▶ YOUR INSTRUCTIONS
Retype exactly the span of lines below from the one with "Um carro sem" through the one with "NOROADER, costruito nel". Do not include pictures.

▶ DATASET SECTION
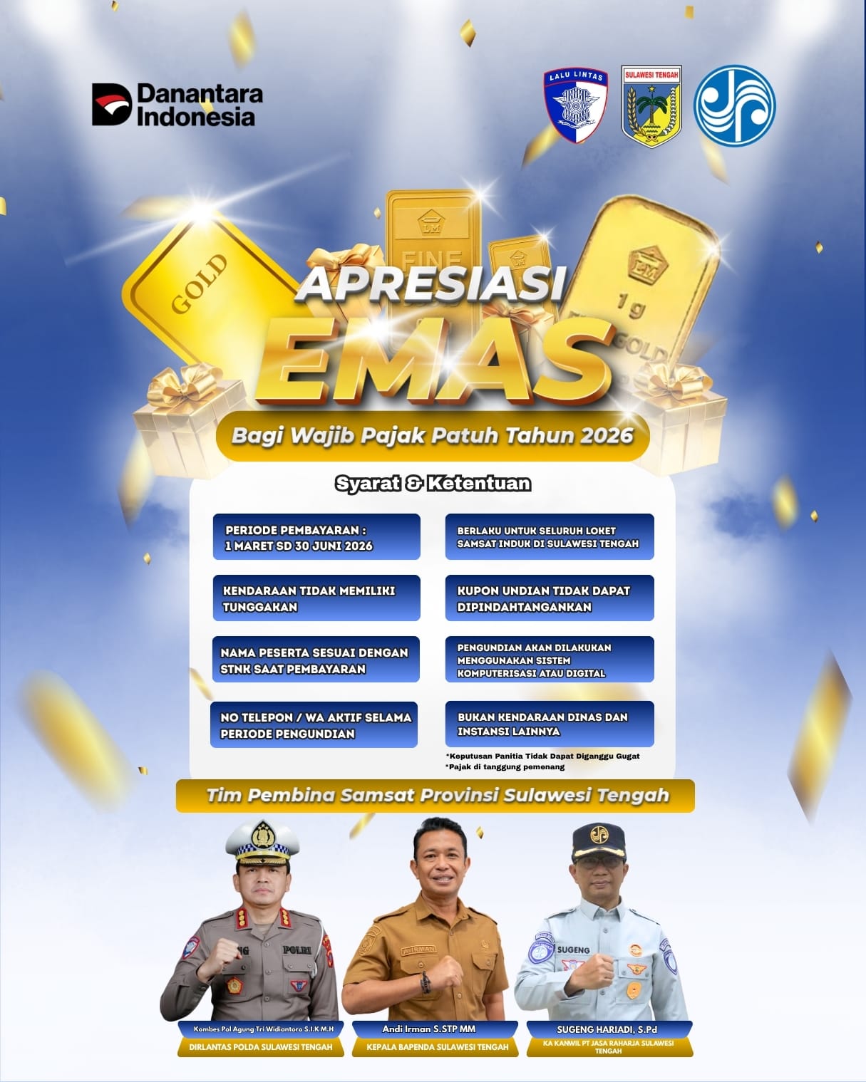 Narasita.com- PALU, — Masyarakat yang membayar pajak kendaraan bermotor sebelum jatuh tempo berkesempatan memperoleh hadiah emas melalui Program Apresiasi Emas 2026. Program ini berlaku hingga 30 Juni 2026.
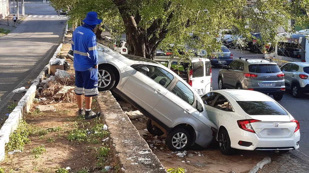 Um carro sem motorista desceu uma ladeira, atravessou parte da avenida Romualdo Galvão e caiu do canteiro central da via atingindo outro veículo que estava estacionado.
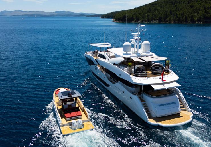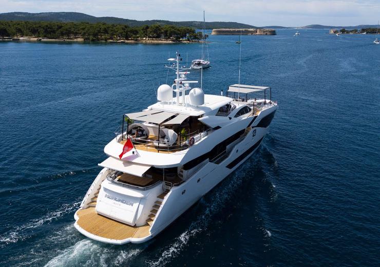 NOROADER, costruito nel 2020 da Sunseeker, è un’unità planante di fascia 35 metri concepita per un impiego intensivo nel Mediterraneo, con impostazione funzionale rivolta al charter di lusso e una piattaforma meccanica dimensionata per garantire affidabilità, autonomia hoteliera e comfort continuo a bordo. Il progetto nasce da una monocarena in composito a V pronunciata, con deadrise progressivo e volumi poppieri capaci di sostenere carichi elevati senza penalizzare l’uscita pulita del flusso alle eliche. L’insieme racconta un’imbarcazione che ricerca un equilibrio strutturale tra tre vettori: spazio vivibile (interni ed esterni), prestazioni sostenibili (crociera confortevole, trasferimenti rapidi quando serve) e fruibilità ergonomica per equipaggio e ospiti.
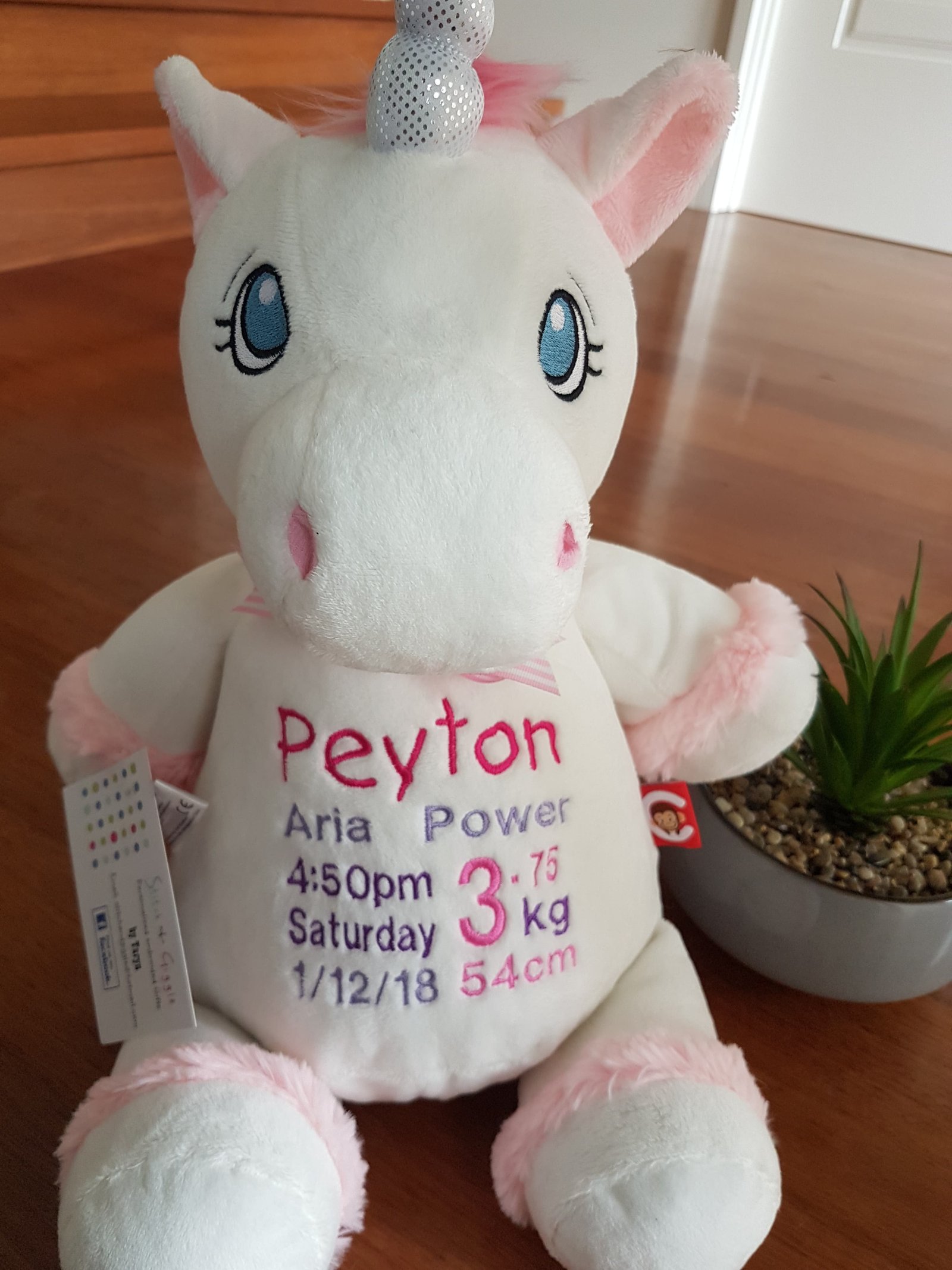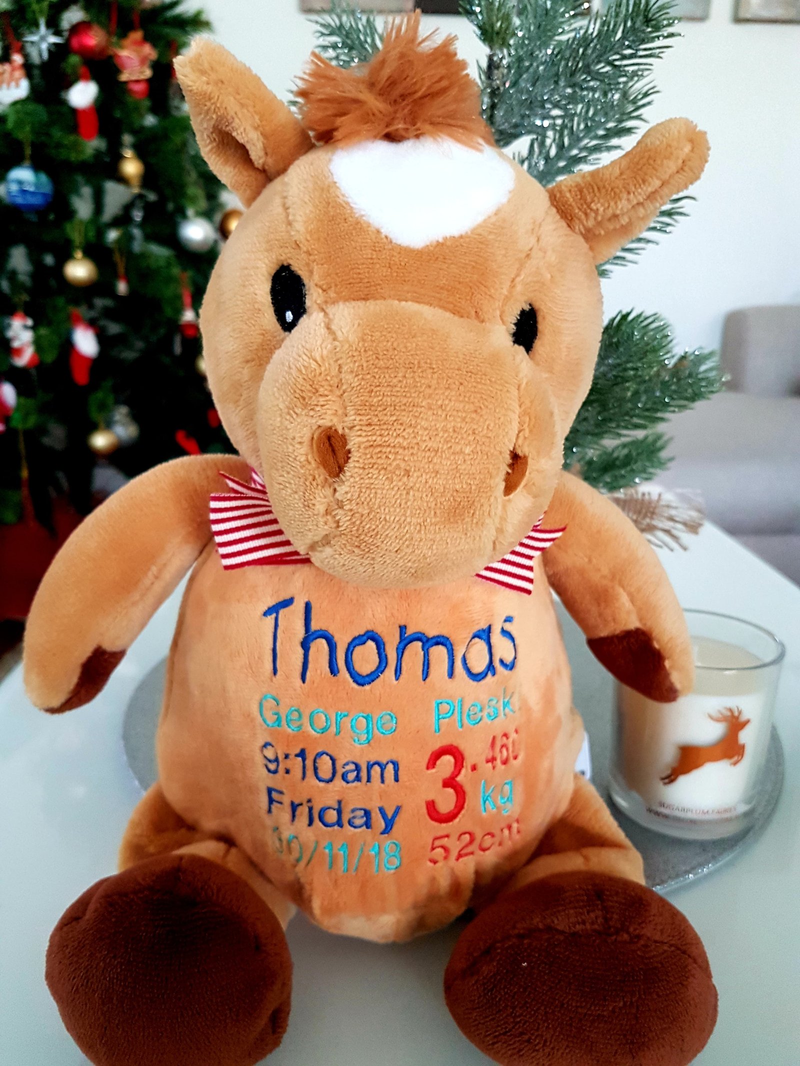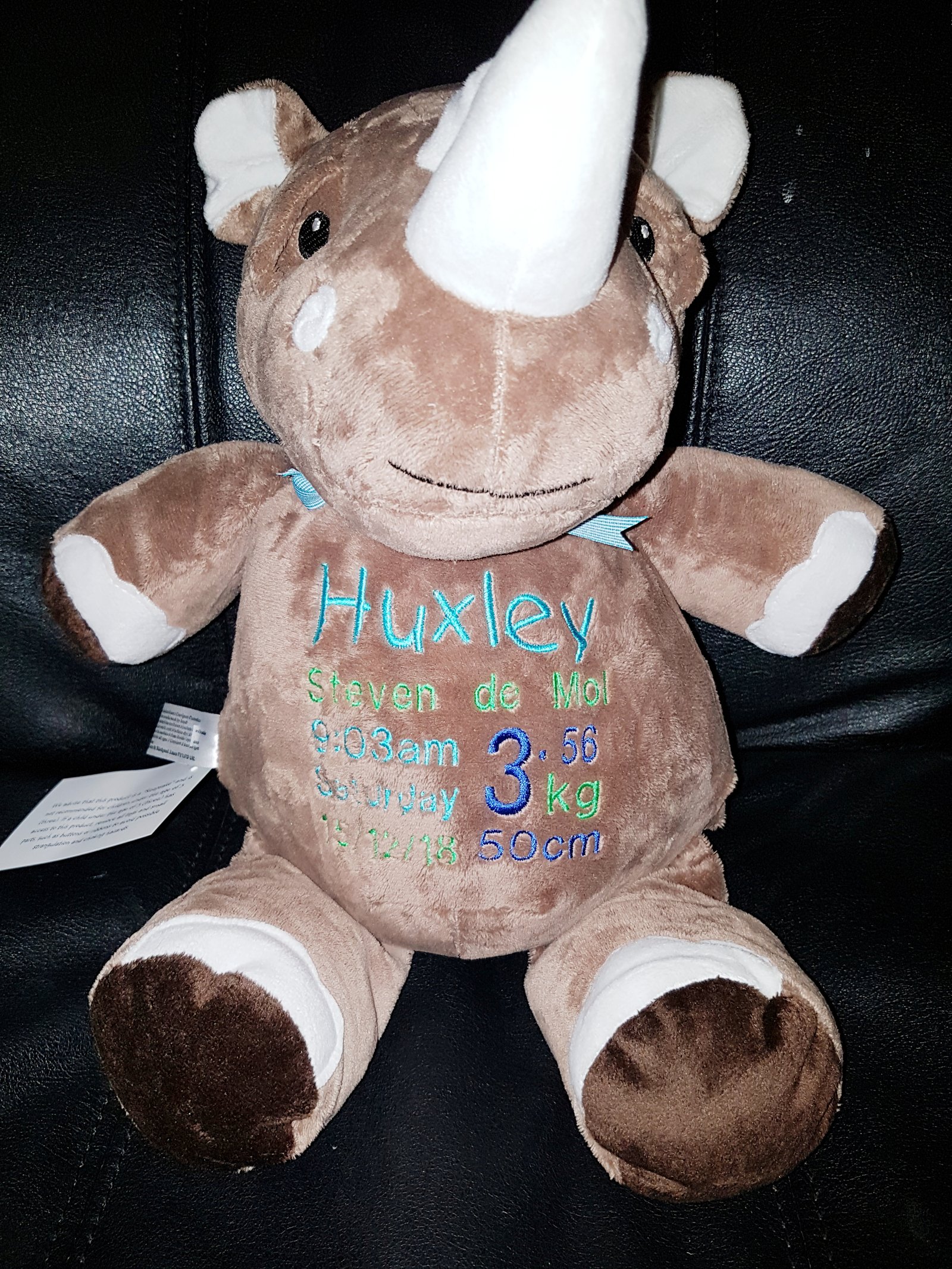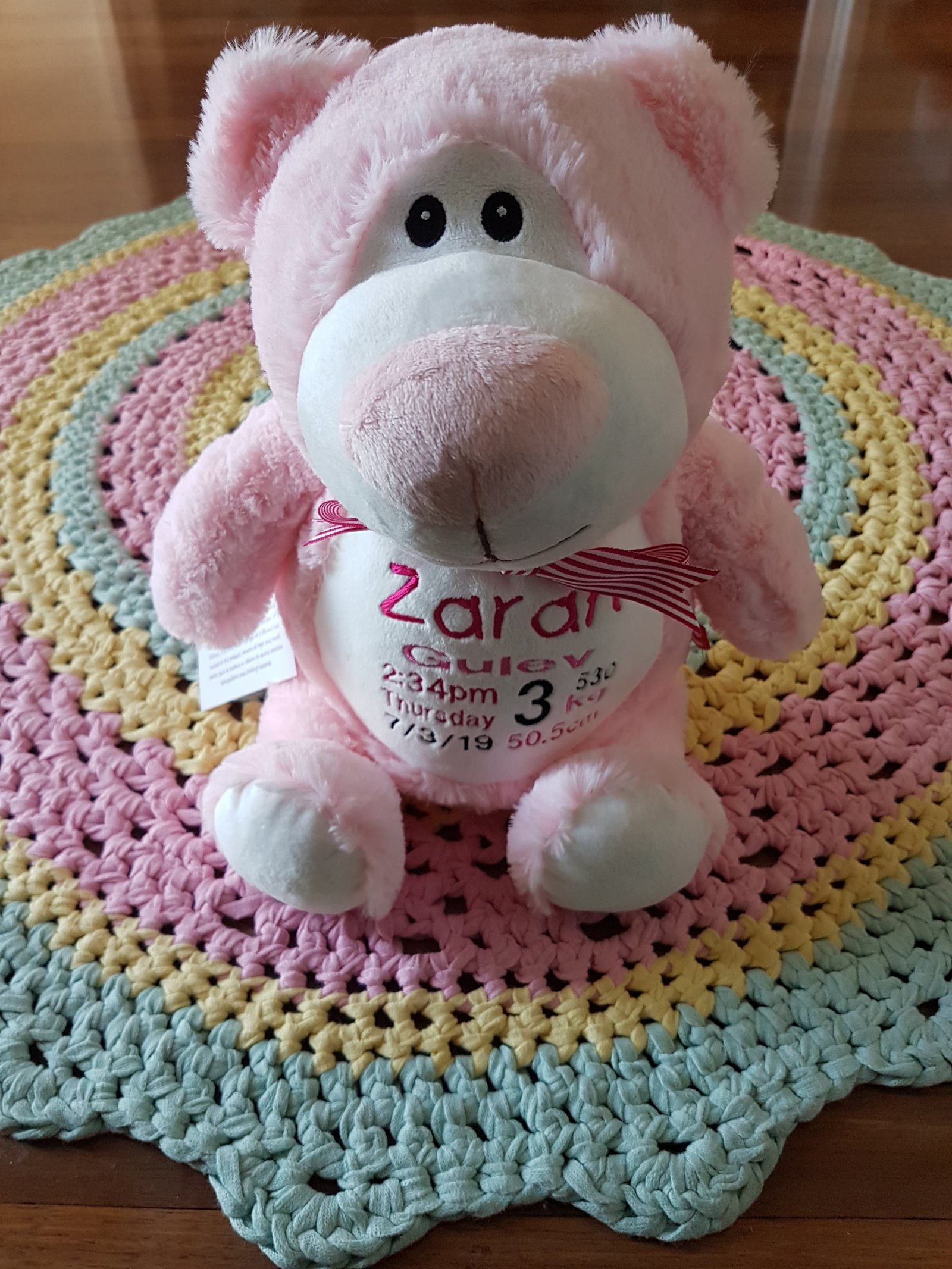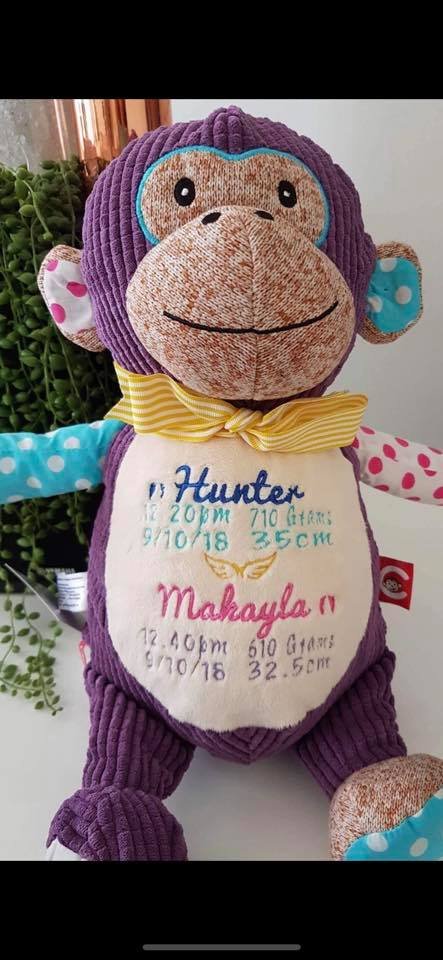(Includes full birth details or special occasion message on animal and single name on security blanket. Postage $12.

▶ RESULT FOR THIS EXERCISE
 Um carro sem motorista desceu uma ladeira, atravessou parte da avenida Romualdo Galvão e caiu do canteiro central da via atingindo outro veículo que estava estacionado.
 NOROADER, costruito nel 2020 da Sunseeker, è un’unità planante di fascia 35 metri concepita per un impiego intensivo nel Mediterraneo, con impostazione funzionale rivolta al charter di lusso e una piattaforma meccanica dimensionata per garantire affidabilità, autonomia hoteliera e comfort continuo a bordo. Il progetto nasce da una monocarena in composito a V pronunciata, con deadrise progressivo e volumi poppieri capaci di sostenere carichi elevati senza penalizzare l’uscita pulita del flusso alle eliche. L’insieme racconta un’imbarcazione che ricerca un equilibrio strutturale tra tre vettori: spazio vivibile (interni ed esterni), prestazioni sostenibili (crociera confortevole, trasferimenti rapidi quando serve) e fruibilità ergonomica per equipaggio e ospiti.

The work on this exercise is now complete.